Accurate detection and recognition of soft, hard, thin or thick layers is desirable in many applications using an installable fuze having a sensor and associated electronics therein. As such, there is a continued desire to improve the penetrator systems used in weapons so as to increase their accuracy in determining their arrival at a desired location by eliminating or reducing noise affecting the sensor's detection capabilities, particularly caused by mechanical amplification experienced at impact and during penetration.
Accordingly, it is desirable to provide a mounting structure that efficiently locks, reliably loads and robustly secures an installable fuze into a fuze well of a penetrator in the form of a projectable device. It would also be of advantage to provide a mounting structure for a fuze that effectively reduces the mechanical amplification caused by high impact and penetration shock.
Accordingly, in one embodiment of the invention a fuze mounting includes one or more fasteners, a fuze well and a fuze coupled to the fuze well by the one or more fasteners.

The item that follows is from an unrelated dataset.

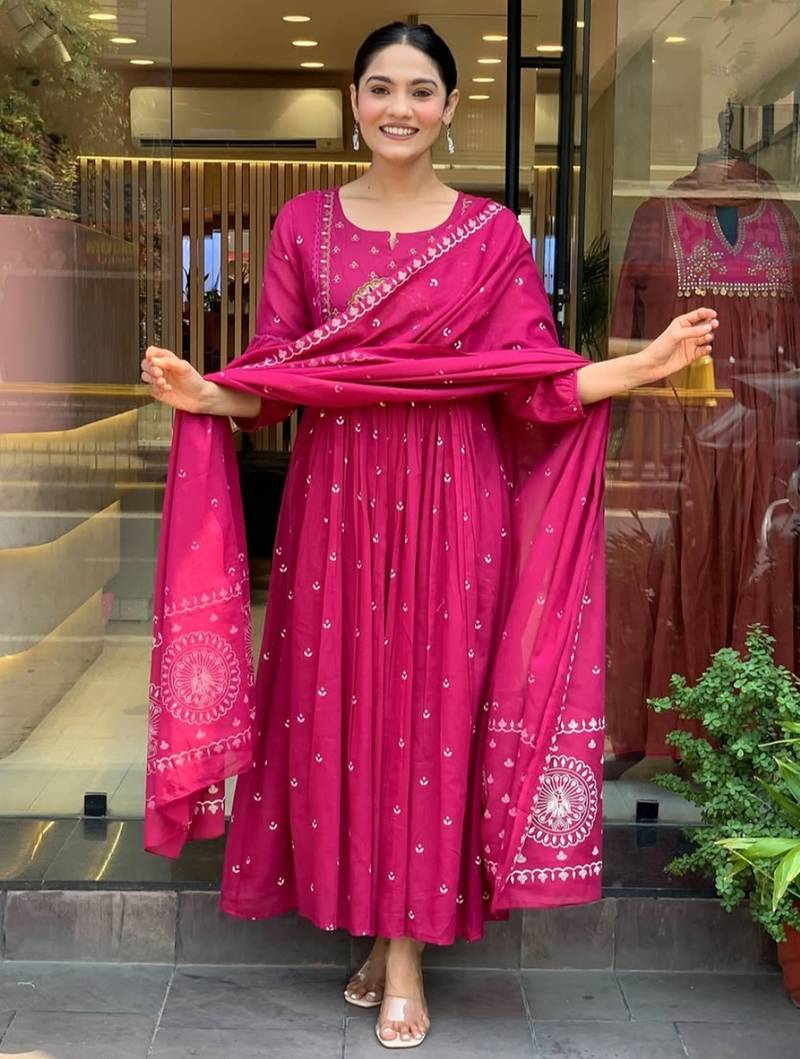| Product Name | Rani Pink Cotton Heavy Thread Embroidery Work With Khadi Printed Kurta Pant Set | |

In embodiments of the invention, a fuze mounting assembly for a penetrating weapon in the form of a projectable device is provided, the assembly including fasteners, a fuze well and a fuze. The fuze includes an integral bolt flange for securing to the fuze well with the fasteners, wherein an amplification of acceleration of less than 3.0 is satisfied when the projectable device is subjected to impact and penetration shock.
In still other embodiments, a projectable device having the fuze is provided.
In yet another embodiment, a penetrating weapon in the form of a projectable device is provided.
In a further embodiment, a method for mounting a fuze is also provided.
Other advantages and features of the invention will become apparent when viewed in light of the detailed description of the various embodiments of the invention when taken in conjunction with the attached drawings and appended claims.
In embodiments of the invention, a fuze mounting for a penetrator configured as a projectable device is provided that robustly reduces mechanical amplification caused by impact or penetration shock. Also, the fuze mounting efficiently locks, reliably loads and robustly secures an installable fuze into a fuze well of such a projectable device.
In other embodiments of the invention, a fuze mounting assembly of a penetrating weapon configured as a projectable device that includes fasteners, a fuze well and a fuze is provided. The fuze includes an integral bolt flange for securing to the fuze well with the fasteners, in order to satisfy an amplification of acceleration of less than 3.0, which is satisfied when the projectable device is subjected to impact and penetration shock.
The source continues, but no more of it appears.